> _Required work_:
Where the line holding "岩国市錦町の名物こんにゃくを" appears, start copying, and continue exactly through the last line of the listing, skipping pictures.

> _Data_:
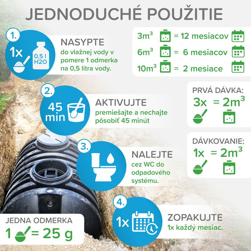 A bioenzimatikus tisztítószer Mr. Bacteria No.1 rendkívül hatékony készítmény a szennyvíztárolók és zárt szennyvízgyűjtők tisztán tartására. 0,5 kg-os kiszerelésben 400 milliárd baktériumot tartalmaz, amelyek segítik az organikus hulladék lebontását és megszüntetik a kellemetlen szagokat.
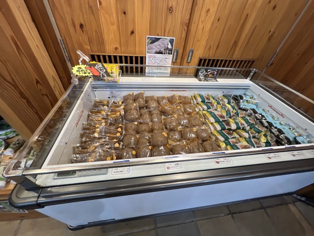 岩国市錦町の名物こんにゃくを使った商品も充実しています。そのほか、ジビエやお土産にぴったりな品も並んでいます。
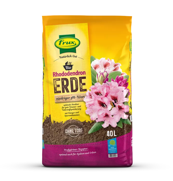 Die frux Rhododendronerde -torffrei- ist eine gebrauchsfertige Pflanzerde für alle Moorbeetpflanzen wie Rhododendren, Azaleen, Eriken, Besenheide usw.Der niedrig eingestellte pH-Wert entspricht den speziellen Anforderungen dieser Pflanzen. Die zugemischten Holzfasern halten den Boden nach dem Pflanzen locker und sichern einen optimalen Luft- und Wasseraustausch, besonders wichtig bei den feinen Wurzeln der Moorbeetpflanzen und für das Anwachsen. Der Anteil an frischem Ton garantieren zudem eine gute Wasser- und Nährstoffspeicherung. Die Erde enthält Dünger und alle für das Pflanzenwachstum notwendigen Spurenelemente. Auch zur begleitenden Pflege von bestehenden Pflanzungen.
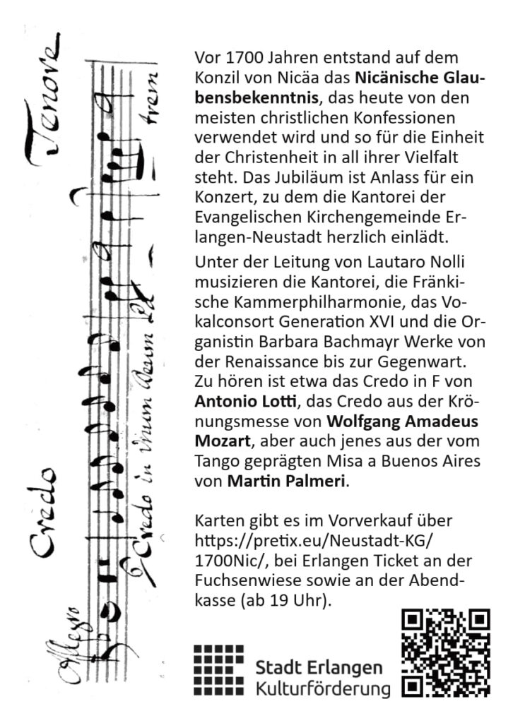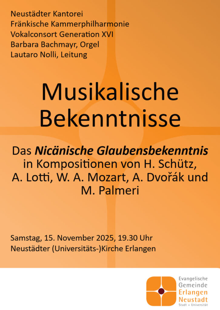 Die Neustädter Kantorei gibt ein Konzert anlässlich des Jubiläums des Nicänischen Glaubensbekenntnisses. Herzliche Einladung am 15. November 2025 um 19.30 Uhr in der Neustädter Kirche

> _Worked solution_:
 岩国市錦町の名物こんにゃくを使った商品も充実しています。そのほか、ジビエやお土産にぴったりな品も並んでいます。
 Die frux Rhododendronerde -torffrei- ist eine gebrauchsfertige Pflanzerde für alle Moorbeetpflanzen wie Rhododendren, Azaleen, Eriken, Besenheide usw.Der niedrig eingestellte pH-Wert entspricht den speziellen Anforderungen dieser Pflanzen. Die zugemischten Holzfasern halten den Boden nach dem Pflanzen locker und sichern einen optimalen Luft- und Wasseraustausch, besonders wichtig bei den feinen Wurzeln der Moorbeetpflanzen und für das Anwachsen. Der Anteil an frischem Ton garantieren zudem eine gute Wasser- und Nährstoffspeicherung. Die Erde enthält Dünger und alle für das Pflanzenwachstum notwendigen Spurenelemente. Auch zur begleitenden Pflege von bestehenden Pflanzungen.
 Die Neustädter Kantorei gibt ein Konzert anlässlich des Jubiläums des Nicänischen Glaubensbekenntnisses. Herzliche Einladung am 15. November 2025 um 19.30 Uhr in der Neustädter Kirche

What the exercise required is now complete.